Exactly and only the lines below from the one containing "Os anéis foram" down to the one containing "室内への熱を軽減するためにフッ素系の遮熱塗料を使用しました(^^♪" are wanted, both included; please exclude every picture.

▸ **Records contained in a dataset**:
◇ ◇ ◇ ◇ ◇

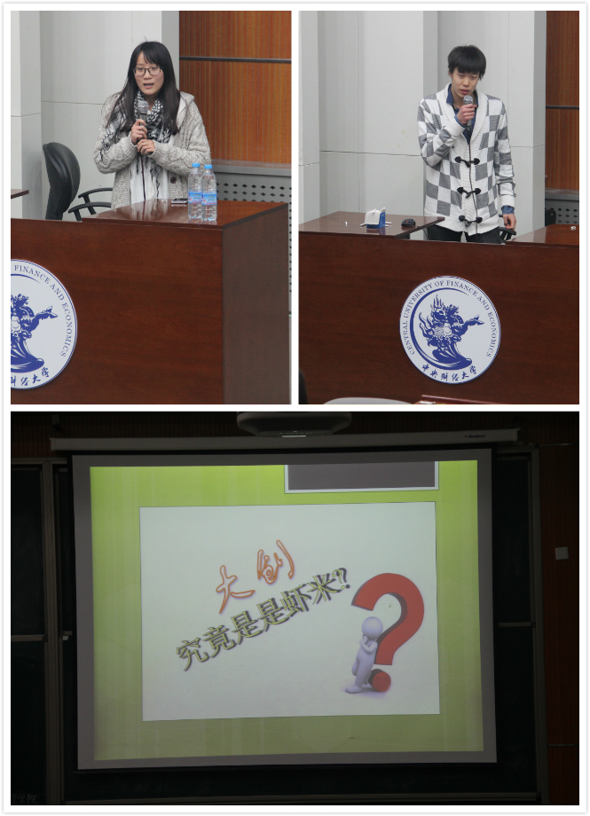 此次交流会共分为两个部分,第一部分是由在大创中拥有突出表现的学长学姐进行经验分享。首先与大家分享的是伟德的卓钊,她谈到了在自己的手工艺DIY项目中遇到的困难和惊喜,并提到在立项的过程中要有详细的规划,要对自己的项目充满信心。接着与大家分享的是来自管理科学与工程公司的王方键,他分享了自己曾经参与过的诸多项目,大方不失幽默的语言令同学们印象深刻,他鼓励大家虽然在创业的期间会有失败,但不要想放弃,他告诉大家“只有敢闯,敢做的人,才能做成大事。”
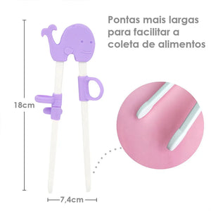 Os anéis foram feitos para facilitar a pega dos Palitinhos de Treinamento e podem ser ajustados para o ângulo que seja mais confortável e que se encaixe melhor para cada mão de cada criança. As pontas mais largas permitem uma maior facilidade na hora de pegar os alimentos. Todas as partes são removíveis para uma limpeza sem complicações.
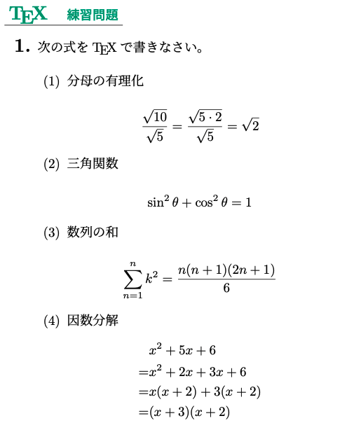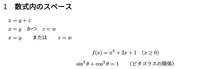 重要:今後の数式例では、常にamsmathパッケージが読み込まれているものとします。
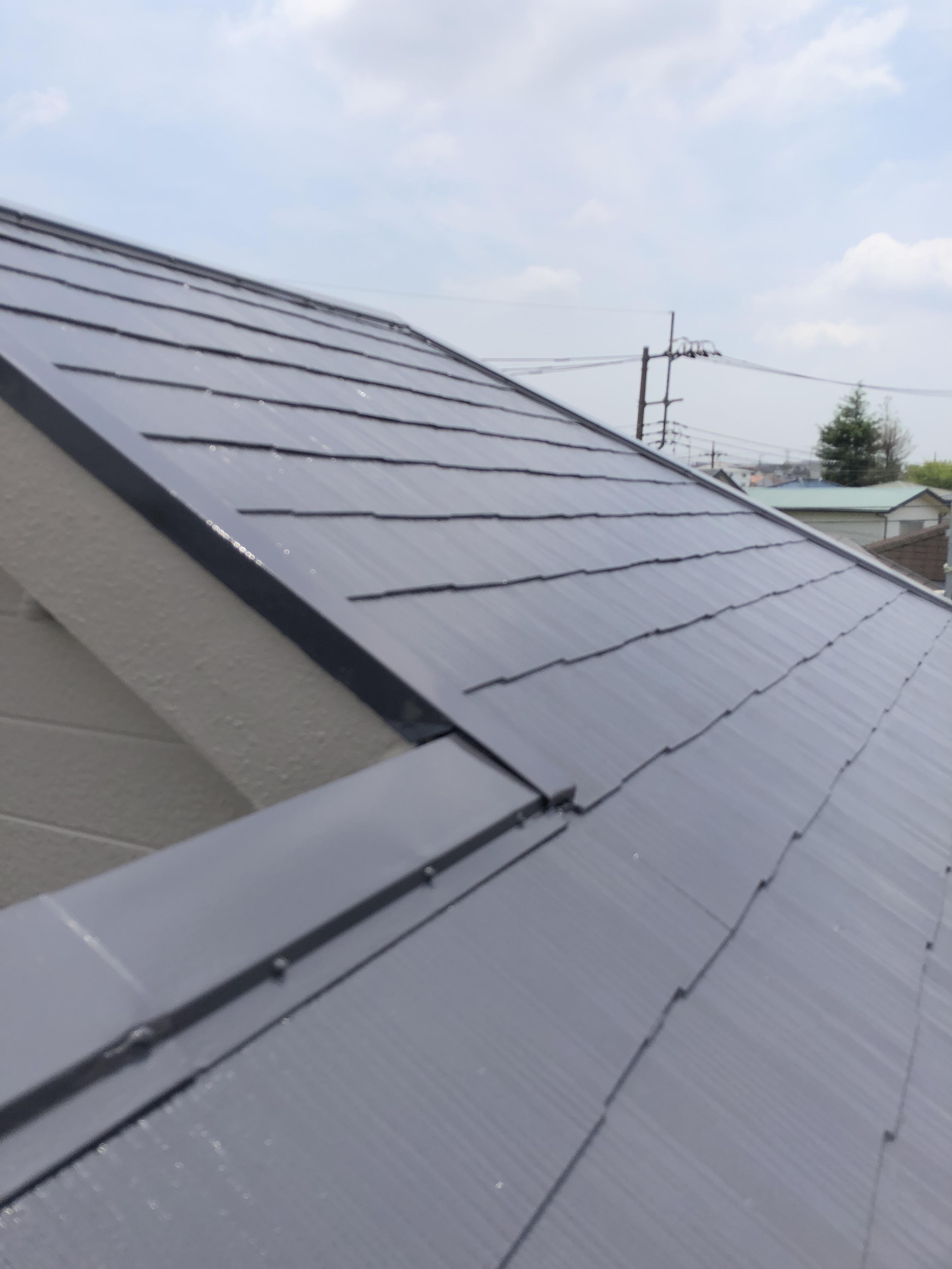 室内への熱を軽減するためにフッ素系の遮熱塗料を使用しました(^^♪
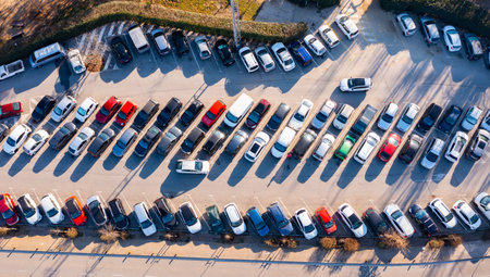 A top-down shot reveals a well-organized huge parking lot filled with various cars. An aerial view showcases various vehicles on urban city parking.

◇ ◇ ◇ ◇ ◇

▸ **WRITTEN SOLUTION**:
 Os anéis foram feitos para facilitar a pega dos Palitinhos de Treinamento e podem ser ajustados para o ângulo que seja mais confortável e que se encaixe melhor para cada mão de cada criança. As pontas mais largas permitem uma maior facilidade na hora de pegar os alimentos. Todas as partes são removíveis para uma limpeza sem complicações.
 重要:今後の数式例では、常にamsmathパッケージが読み込まれているものとします。
 室内への熱を軽減するためにフッ素系の遮熱塗料を使用しました(^^♪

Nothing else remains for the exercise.